70 ans – de la Lingiade à la Gymnaestrada

Mais au fait, d'où vient le terme Gymnaestrada ? L'expression est née de l'association Gymna (pour gymnastique) et d'Estrada (pour estrade), ce qui a donné, dès 1949, l'estrade de la gymnastique. La première Gymnaestrada a eu lieu en 1953 à Rotterdam.

Ont suivi Zagreb (1957), Stuttgart (1961), Vienne (1965), Bâle (1969), Berlin (1975) et Zurich (1982).
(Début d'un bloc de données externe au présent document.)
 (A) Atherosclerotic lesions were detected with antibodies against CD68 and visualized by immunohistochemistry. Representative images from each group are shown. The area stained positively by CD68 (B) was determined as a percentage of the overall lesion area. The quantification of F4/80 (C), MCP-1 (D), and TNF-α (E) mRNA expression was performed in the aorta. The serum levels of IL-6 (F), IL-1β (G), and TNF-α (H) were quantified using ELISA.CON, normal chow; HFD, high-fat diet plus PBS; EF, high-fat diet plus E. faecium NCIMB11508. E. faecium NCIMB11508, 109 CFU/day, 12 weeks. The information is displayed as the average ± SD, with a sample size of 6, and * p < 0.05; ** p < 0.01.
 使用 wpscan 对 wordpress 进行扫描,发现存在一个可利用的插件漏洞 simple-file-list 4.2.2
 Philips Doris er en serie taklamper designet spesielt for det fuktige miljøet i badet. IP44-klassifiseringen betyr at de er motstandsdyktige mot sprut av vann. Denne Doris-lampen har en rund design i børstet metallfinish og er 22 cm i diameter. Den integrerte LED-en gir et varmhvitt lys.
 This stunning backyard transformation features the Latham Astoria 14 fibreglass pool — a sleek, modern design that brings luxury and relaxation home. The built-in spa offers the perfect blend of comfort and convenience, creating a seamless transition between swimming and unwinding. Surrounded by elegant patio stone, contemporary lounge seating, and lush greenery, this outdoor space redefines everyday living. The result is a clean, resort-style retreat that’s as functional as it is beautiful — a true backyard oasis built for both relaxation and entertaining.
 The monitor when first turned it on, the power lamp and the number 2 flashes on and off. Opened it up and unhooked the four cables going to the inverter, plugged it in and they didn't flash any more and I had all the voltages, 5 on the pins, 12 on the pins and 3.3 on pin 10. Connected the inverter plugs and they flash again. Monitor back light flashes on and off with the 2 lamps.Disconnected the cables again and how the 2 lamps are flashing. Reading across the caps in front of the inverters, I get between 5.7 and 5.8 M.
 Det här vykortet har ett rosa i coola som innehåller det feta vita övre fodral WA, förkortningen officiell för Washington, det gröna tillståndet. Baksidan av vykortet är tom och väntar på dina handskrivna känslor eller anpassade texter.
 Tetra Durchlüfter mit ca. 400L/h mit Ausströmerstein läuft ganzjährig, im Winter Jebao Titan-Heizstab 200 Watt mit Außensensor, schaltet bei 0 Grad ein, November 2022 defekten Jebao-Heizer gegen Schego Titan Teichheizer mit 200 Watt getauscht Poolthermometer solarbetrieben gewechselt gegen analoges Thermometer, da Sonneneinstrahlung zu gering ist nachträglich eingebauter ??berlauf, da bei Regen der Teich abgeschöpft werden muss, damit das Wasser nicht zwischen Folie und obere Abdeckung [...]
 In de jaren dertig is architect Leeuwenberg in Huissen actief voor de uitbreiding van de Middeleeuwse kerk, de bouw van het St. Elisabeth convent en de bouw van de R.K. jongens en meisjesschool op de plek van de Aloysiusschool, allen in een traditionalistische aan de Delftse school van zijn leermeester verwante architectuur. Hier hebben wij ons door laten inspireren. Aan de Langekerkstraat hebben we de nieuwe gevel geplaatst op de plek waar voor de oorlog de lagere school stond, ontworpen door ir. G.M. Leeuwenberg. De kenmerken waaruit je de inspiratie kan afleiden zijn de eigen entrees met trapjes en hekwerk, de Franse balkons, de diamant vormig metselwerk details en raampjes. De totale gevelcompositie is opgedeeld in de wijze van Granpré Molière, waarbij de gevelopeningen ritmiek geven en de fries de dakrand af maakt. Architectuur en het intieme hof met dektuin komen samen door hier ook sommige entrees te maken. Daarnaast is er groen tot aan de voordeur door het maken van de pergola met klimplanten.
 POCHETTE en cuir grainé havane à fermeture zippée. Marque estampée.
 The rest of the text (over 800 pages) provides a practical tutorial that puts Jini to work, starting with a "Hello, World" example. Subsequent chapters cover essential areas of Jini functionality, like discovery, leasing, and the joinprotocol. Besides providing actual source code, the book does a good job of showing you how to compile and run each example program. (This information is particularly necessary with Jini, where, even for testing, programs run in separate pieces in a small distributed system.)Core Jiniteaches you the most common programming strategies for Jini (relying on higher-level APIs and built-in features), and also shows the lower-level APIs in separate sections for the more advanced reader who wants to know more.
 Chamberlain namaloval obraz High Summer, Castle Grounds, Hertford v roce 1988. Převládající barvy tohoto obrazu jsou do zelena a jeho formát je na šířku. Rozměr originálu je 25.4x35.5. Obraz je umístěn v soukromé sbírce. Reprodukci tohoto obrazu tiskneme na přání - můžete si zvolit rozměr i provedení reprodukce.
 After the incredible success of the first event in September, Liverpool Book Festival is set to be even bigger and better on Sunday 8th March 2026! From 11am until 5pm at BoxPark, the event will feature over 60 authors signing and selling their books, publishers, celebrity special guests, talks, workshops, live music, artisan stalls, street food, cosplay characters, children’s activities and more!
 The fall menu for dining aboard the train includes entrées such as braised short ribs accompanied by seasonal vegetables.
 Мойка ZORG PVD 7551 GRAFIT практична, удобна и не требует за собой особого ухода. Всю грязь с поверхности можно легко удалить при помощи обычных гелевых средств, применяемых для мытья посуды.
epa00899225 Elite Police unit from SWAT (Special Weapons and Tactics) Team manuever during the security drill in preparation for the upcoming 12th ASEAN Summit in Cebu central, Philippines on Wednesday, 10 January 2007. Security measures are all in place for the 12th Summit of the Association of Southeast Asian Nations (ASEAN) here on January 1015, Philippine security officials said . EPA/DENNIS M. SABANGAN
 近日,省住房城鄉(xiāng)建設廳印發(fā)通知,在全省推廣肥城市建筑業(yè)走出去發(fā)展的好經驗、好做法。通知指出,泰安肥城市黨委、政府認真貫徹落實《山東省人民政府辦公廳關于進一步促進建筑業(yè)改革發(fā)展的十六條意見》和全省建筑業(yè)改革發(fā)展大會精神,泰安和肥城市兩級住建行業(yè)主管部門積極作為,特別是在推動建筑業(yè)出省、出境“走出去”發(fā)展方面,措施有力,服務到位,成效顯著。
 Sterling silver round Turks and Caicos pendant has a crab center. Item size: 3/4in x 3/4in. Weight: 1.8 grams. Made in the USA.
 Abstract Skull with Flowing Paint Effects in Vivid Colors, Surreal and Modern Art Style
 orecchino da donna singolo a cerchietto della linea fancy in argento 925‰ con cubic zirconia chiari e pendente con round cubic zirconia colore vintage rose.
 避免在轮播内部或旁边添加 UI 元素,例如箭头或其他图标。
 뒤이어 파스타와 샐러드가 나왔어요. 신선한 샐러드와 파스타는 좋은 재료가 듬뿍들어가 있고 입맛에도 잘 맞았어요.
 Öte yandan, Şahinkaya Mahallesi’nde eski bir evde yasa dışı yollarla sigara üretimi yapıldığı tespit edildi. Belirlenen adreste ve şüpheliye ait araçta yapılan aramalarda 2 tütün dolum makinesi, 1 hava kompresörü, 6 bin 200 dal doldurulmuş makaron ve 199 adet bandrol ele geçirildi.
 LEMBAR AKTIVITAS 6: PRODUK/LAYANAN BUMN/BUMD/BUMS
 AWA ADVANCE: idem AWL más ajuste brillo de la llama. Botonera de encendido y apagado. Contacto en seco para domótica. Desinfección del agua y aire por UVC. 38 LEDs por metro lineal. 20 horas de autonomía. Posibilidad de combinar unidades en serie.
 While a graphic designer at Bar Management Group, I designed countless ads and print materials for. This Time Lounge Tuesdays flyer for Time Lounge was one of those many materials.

Avec Herning (1987), c'est la plus petite à ce jour qui a accueilli des gymnastes du monde entier. 2011 Lausanne, 2015 Helsinki et 2019 Dornbirn sont les trois dernières villes hôtes. En 2023, ce sera le tour d'Amsterdam. La grande fête mondiale de la gymnastique s'est déjà tenue à trois reprises en Allemagne, en Autriche et en Suisse et à deux reprises aux Pays-Bas. Les pays de l'Europe du Nord l'ont organisée à trois reprises (voir composition «En un coup d'œil»). Ceux qui prétendent que la Gymnaestrada mondiale est internationale mais plutôt européenne n'ont pas tout à fait tort.

C'est en Suède que tout a débuté
Les véritables débuts de la Gymnaestrada datent de 1949, en Suède, à l'occasion du 100e anniversaire de son grand «père de la gymnastique» Pehr Henrik Ling, où la gymnastique «suédoise» a organisé une fête mondiale de la gymnastique. La manifestation prit le nom de Lingiade en l'honneur de Pehr Henrik Ling et 30 rassembla 30 pays. Après l'échec financier de la 2e Lingiade et le suicide (de chagrin) du président du CO d'alors, le Hollandais Johan François Sommer (ancien vice-président de la Fédération internationale de gymnastique FIG) reprit la philosophie d'une «fête mondiale de la gymnastique sans vainqueurs».

Objectifs de la Gymnaestrada
C'est Sommer qui est à l'origine de l'intégration de la Gymnaestrada dans le programme des manifestations de la FIG. La manifestation internationale de sport de masse sans notes ni classements poursuit les objectifs suivants, sans cesse remaniés au fil du temps : faire connaître les valeurs et la diversité de la gymnastique générale (sport de masse), favoriser la large diffusion de la gymnastique générale, inciter les fédérations nationales à travailler de manière ciblée, susciter la joie de faire de l'exercice et encourager l'activité individuelle, montrer les différentes manières de s'exercer et transmettre des idées, représenter les derniers développements et évolutions de la gymnastique générale, informer et former les dirigeants, rassembler des gymnastes de tous les pays du monde comme contribution à la compréhension entre les peuples et, enfin, représenter et faire connaître la gymnastique générale auprès du grand public. Les objectifs ont fait leurs preuves depuis longtemps et ils sont vécus par les gymnastes des pays en lice : personne ne veut de classements, les seuls applaudissements au terme des représentations ont valeur de récompense.